AccounTech Buddy
Multi-agent month-end close system
▶ Full demo with audio. Click play to start.
What it does
- A root Accounting Coordinator agent reads each user request, decides which workflow to run, and tracks session state across the run.
- Transaction Categorization workflow: loads the bank CSV and Chart of Accounts, splits the transactions into small batches so multiple agents can classify in parallel, and returns each line with a confidence score (0.0–1.0) and a short reasoning note.
- A filtering pass flags low-confidence categorizations, generates account-usage stats, and writes a review summary so a human knows exactly where to look.
- Journal Entry Generation workflow: picks up the categorized data and writes balanced double-entry journal entries. Each transaction debits the expense or revenue account it was categorized into and credits the cash control account, so total debits always equal total credits.
- Session Management tools let the agent reload prior categorization results so a run can be resumed or revised without redoing the AI work.
Why I built it
I had spent a few weeks using AI for the basics: explaining standards, polishing communications, cleaning Excel formulas. I wanted to push further. I needed a real project to find out where the models actually held up and where the architecture broke down. Classifying bank transactions and generating journal entries was familiar enough that I would catch every wrong answer, and complex enough to push a multi-agent system past the demo path. AccounTech Buddy was the bet.
How it works
What was hard
- The vibe-coding trap. Every Cursor suggestion felt reasonable in isolation, and I rode the "look at me, I am basically a software architect now" energy until a month later I had built a monster that could not reliably do what I designed it for.
- Agent overload. The first version crammed dozens of tools and a half-dozen sub-agents into one root agent with a massive prompt. It worked once in a while, then failed in a new way the next run.

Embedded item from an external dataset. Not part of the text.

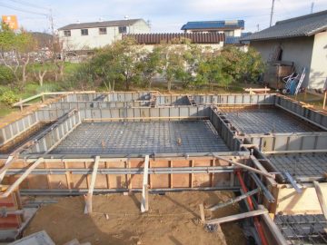↑ 写真は「一体型ベタ基礎」を施工している時の写真です。

- AI vs. code confusion. I could not figure out when to let an agent "think through" a problem versus when to write a deterministic function. The wrong call in either direction blew up reliability.

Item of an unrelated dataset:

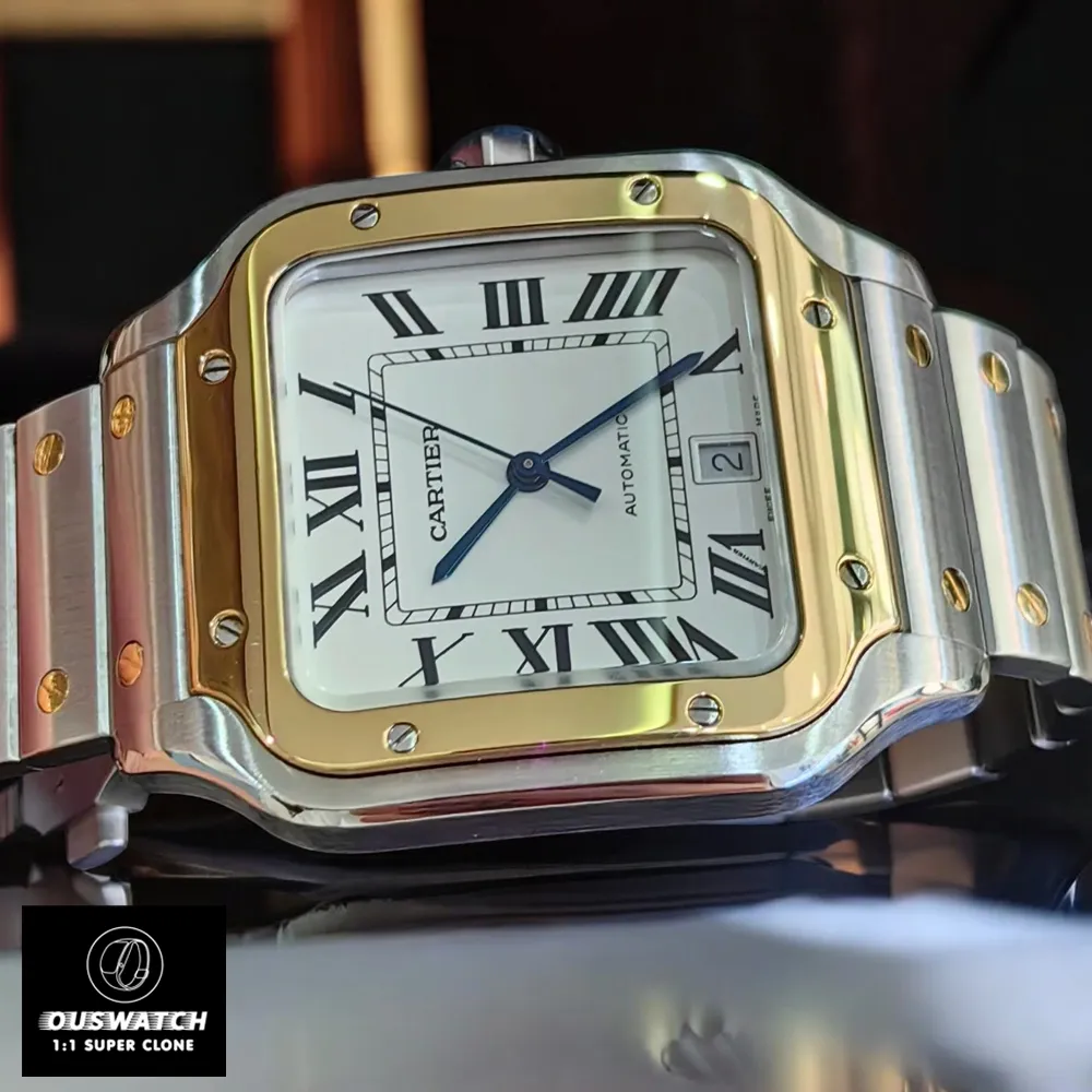 Front view of the Super Clone Cartier Santos W2SA0009 watch, showcasing its iconic design and two-tone elegance.

- Death by large files. I was feeding entire documents to agents, which caused memory issues and scaling problems. Fine on small samples, broken on real input.
- Google ADK runs sub-agents in parallel, but what I actually needed was map-reduce: the same agent running on different chunks of one job, not different agents running on the same job. I had to manually implement file chunking and custom parallel processing.
- The 2 AM rebuild. After debugging for the 50th time, I realized I was fighting the wrong battle. I stripped out 90% of the clever architecture and rebuilt using audit thinking: map the process flow, sample-test instead of processing everything at once, give each agent a small specific task, exception reporting (auto-approve high confidence, flag unusual), simple file-based session state. The current diagram is the rebuild, not the monster.
Outcome
- A categorized list of every bank transaction, with a confidence score and a short reasoning line so a human knows where to double-check.
- A balanced double-entry journal ready to drop into accounting software.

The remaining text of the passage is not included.